The task: Would you print the data below exactly, leaving out every picture?

The data:

((

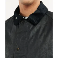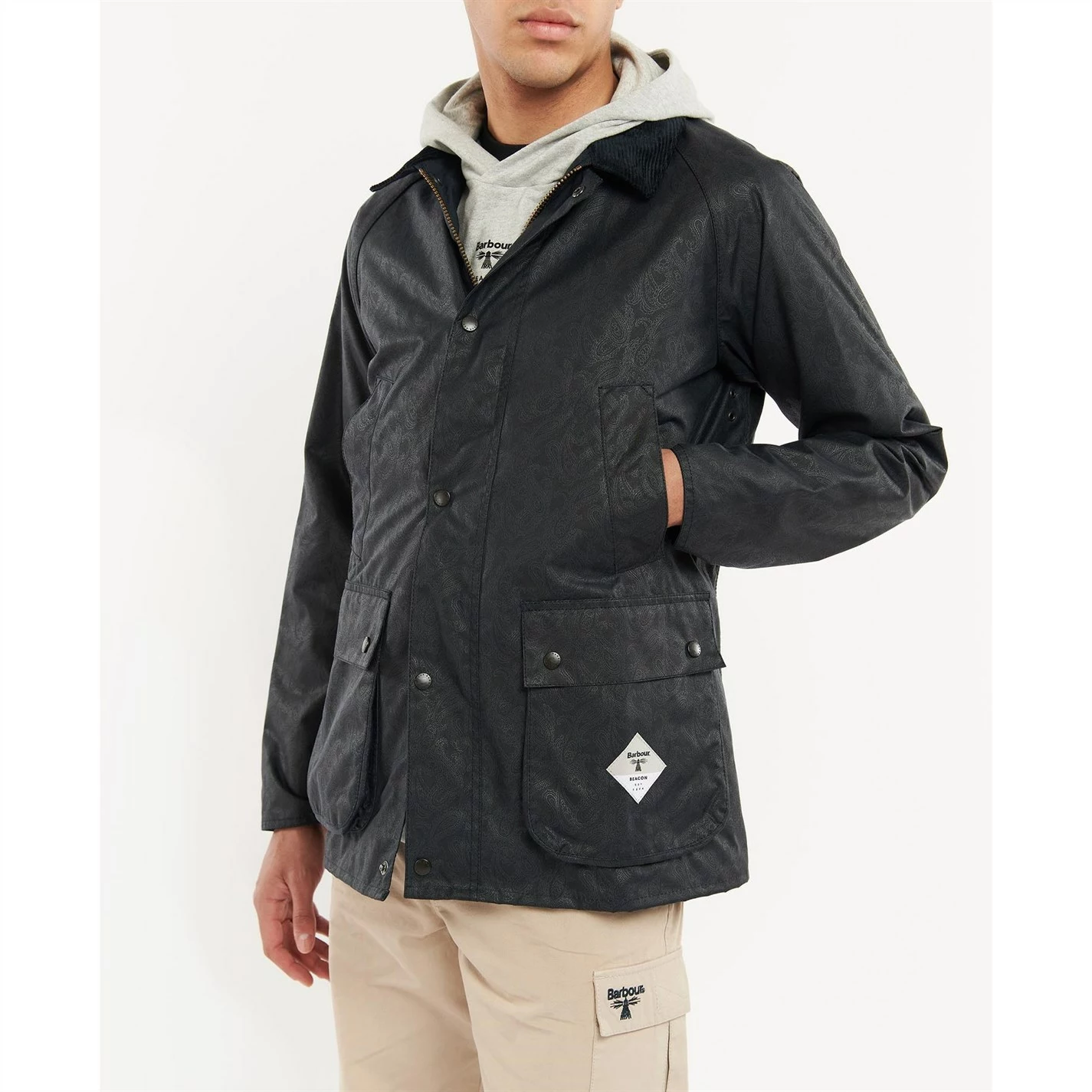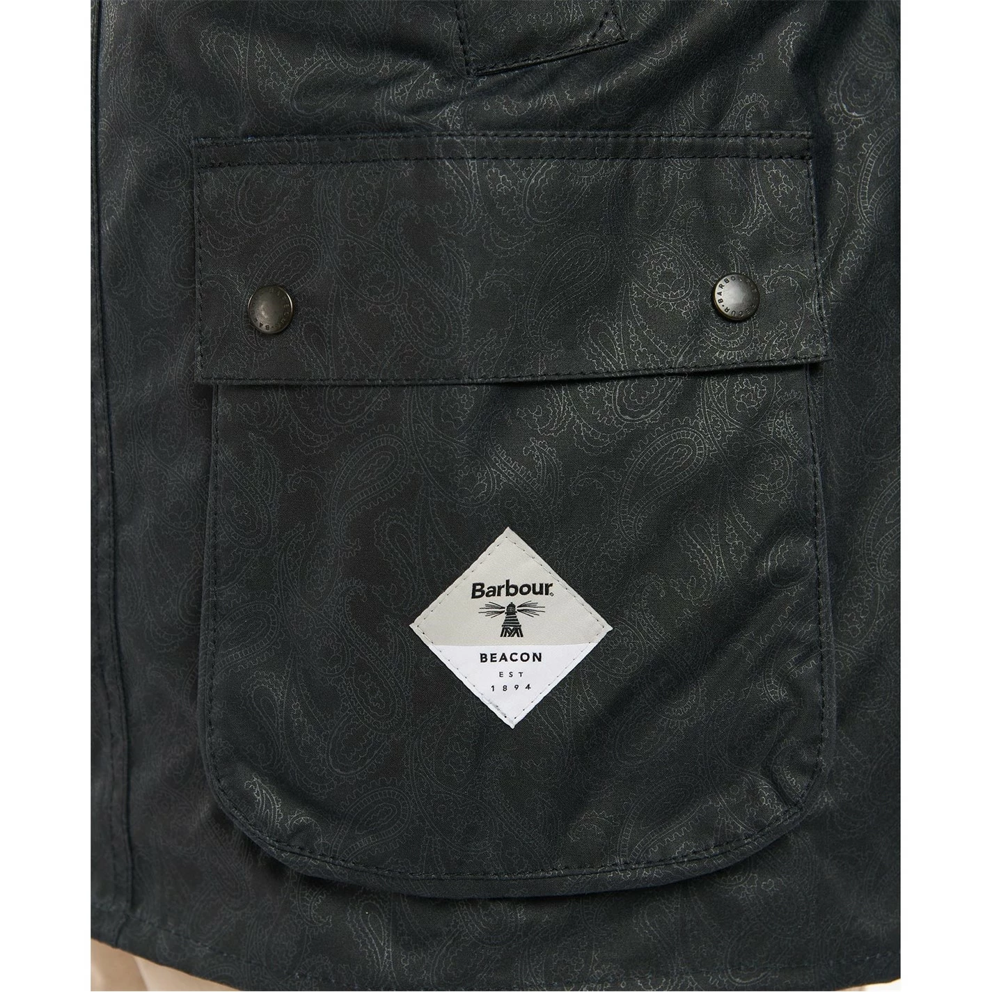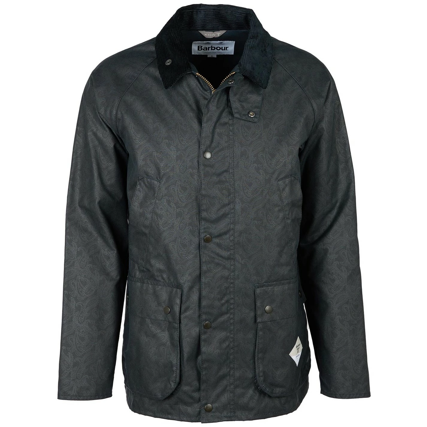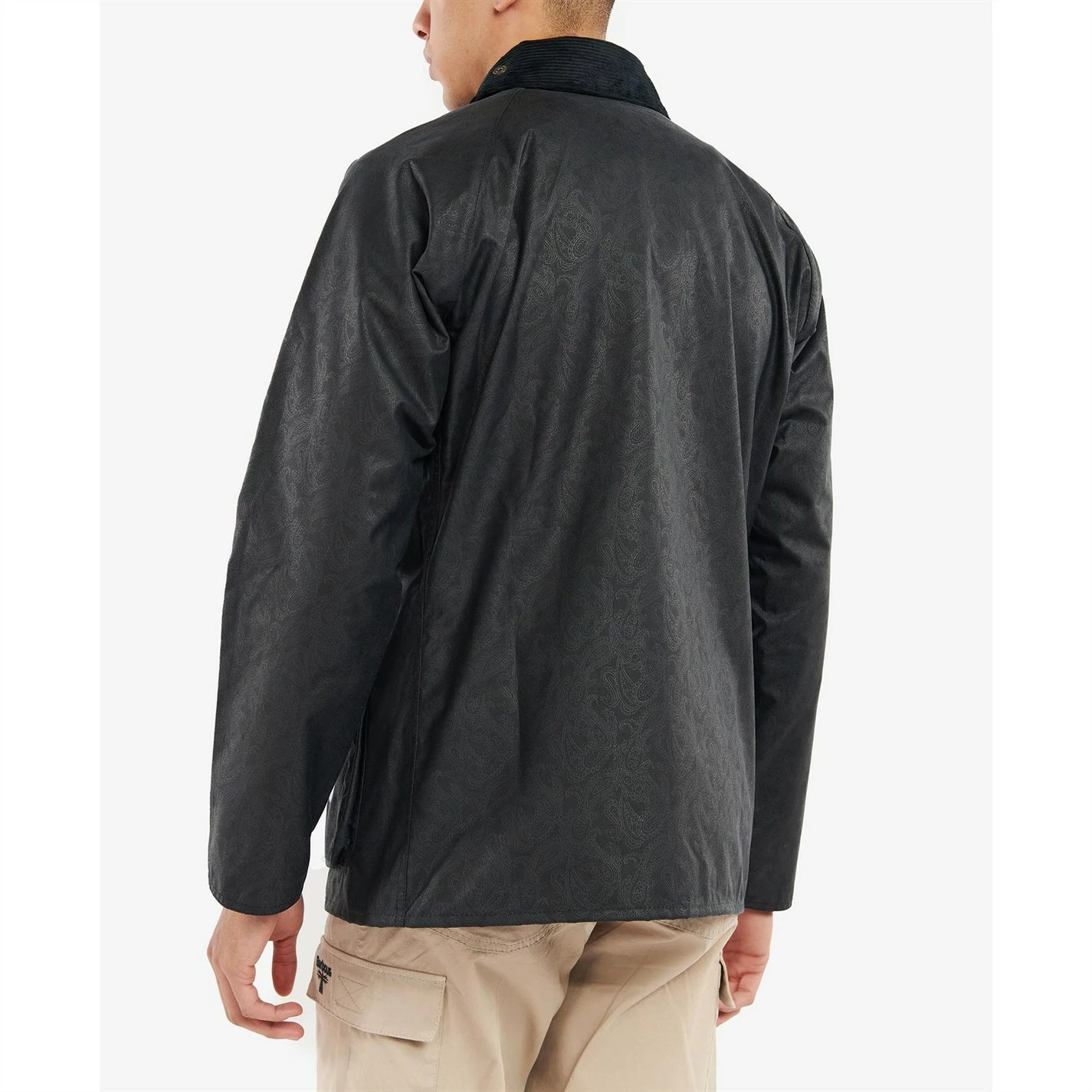 The Barbour Beacon Paisley Bedale Wax Jacket boasts an all over paisley print design with a classic cord collar. Showcasing a stud and zip front fastening, this jacket features a cotton lining for a breathable addition with hand warmer and lower bellows pockets. This jacket is effortlessly finished with a grey and white Beacon patch woven to the lower left pocket.
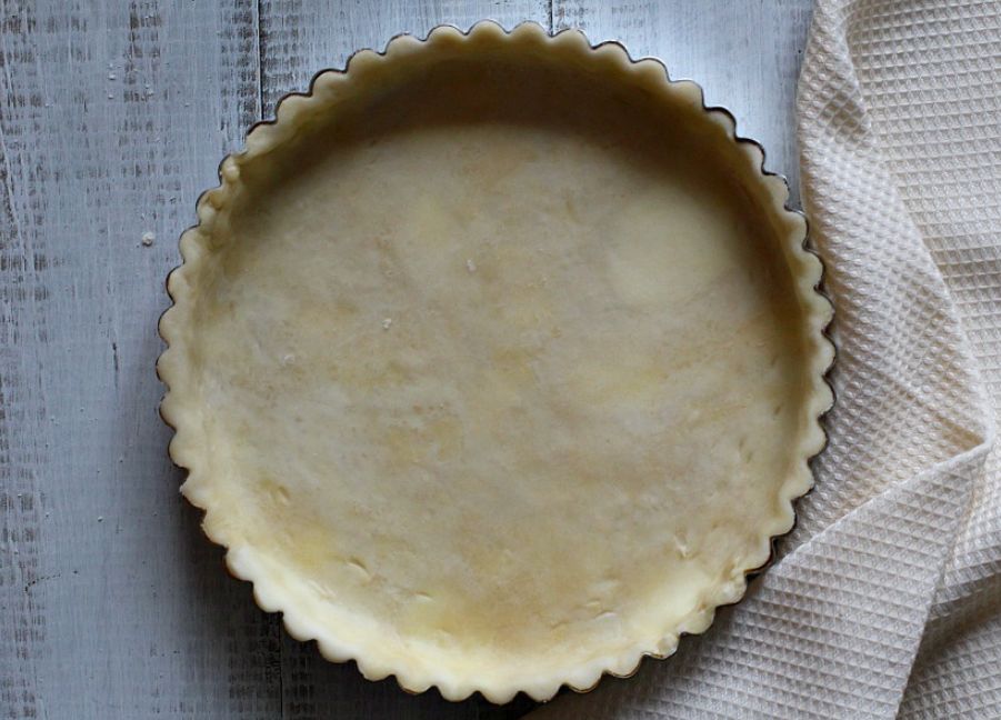 - نخرجها من البراد وندهن قالب التارت بالقليل من الزبدة ومن ثم نمد العجينة في القالب، ونعيد تغطيها بالنايلون (هذه المرة وهي ممدودة في القالب) ونعيدها إلى البراد حوالي 15 دقيقة.
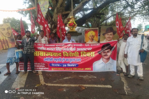राँची: शहीद भगत सिंह जयंती के अवसर पर शहीद भगत सिंह चौक, राँची में झारखंड राज्य किसान सभा के तत्वावधान में साम्राज्यवाद विरोधी दिवस मनाया गया। कार्यक्रम की शुरुआत भगत सिंह की प्रतिमा पर माल्यार्पण से हुई। मुख्य वक्ता राज्य अध्यक्ष सुफल महतो ने अपने संबोधन में शहीद भगत सिंह की जीवनी और विचारधारा पर प्रकाश डालते हुए कहा कि भगत सिंह का मार्ग भ्रष्टाचार, लूट-घोटाला और कारपोरेट लूट के खिलाफ लड़ने का रास्ता है।

))

Answer section:
 The Barbour Beacon Paisley Bedale Wax Jacket boasts an all over paisley print design with a classic cord collar. Showcasing a stud and zip front fastening, this jacket features a cotton lining for a breathable addition with hand warmer and lower bellows pockets. This jacket is effortlessly finished with a grey and white Beacon patch woven to the lower left pocket.
 - نخرجها من البراد وندهن قالب التارت بالقليل من الزبدة ومن ثم نمد العجينة في القالب، ونعيد تغطيها بالنايلون (هذه المرة وهي ممدودة في القالب) ونعيدها إلى البراد حوالي 15 دقيقة.
राँची: शहीद भगत सिंह जयंती के अवसर पर शहीद भगत सिंह चौक, राँची में झारखंड राज्य किसान सभा के तत्वावधान में साम्राज्यवाद विरोधी दिवस मनाया गया। कार्यक्रम की शुरुआत भगत सिंह की प्रतिमा पर माल्यार्पण से हुई। मुख्य वक्ता राज्य अध्यक्ष सुफल महतो ने अपने संबोधन में शहीद भगत सिंह की जीवनी और विचारधारा पर प्रकाश डालते हुए कहा कि भगत सिंह का मार्ग भ्रष्टाचार, लूट-घोटाला और कारपोरेट लूट के खिलाफ लड़ने का रास्ता है।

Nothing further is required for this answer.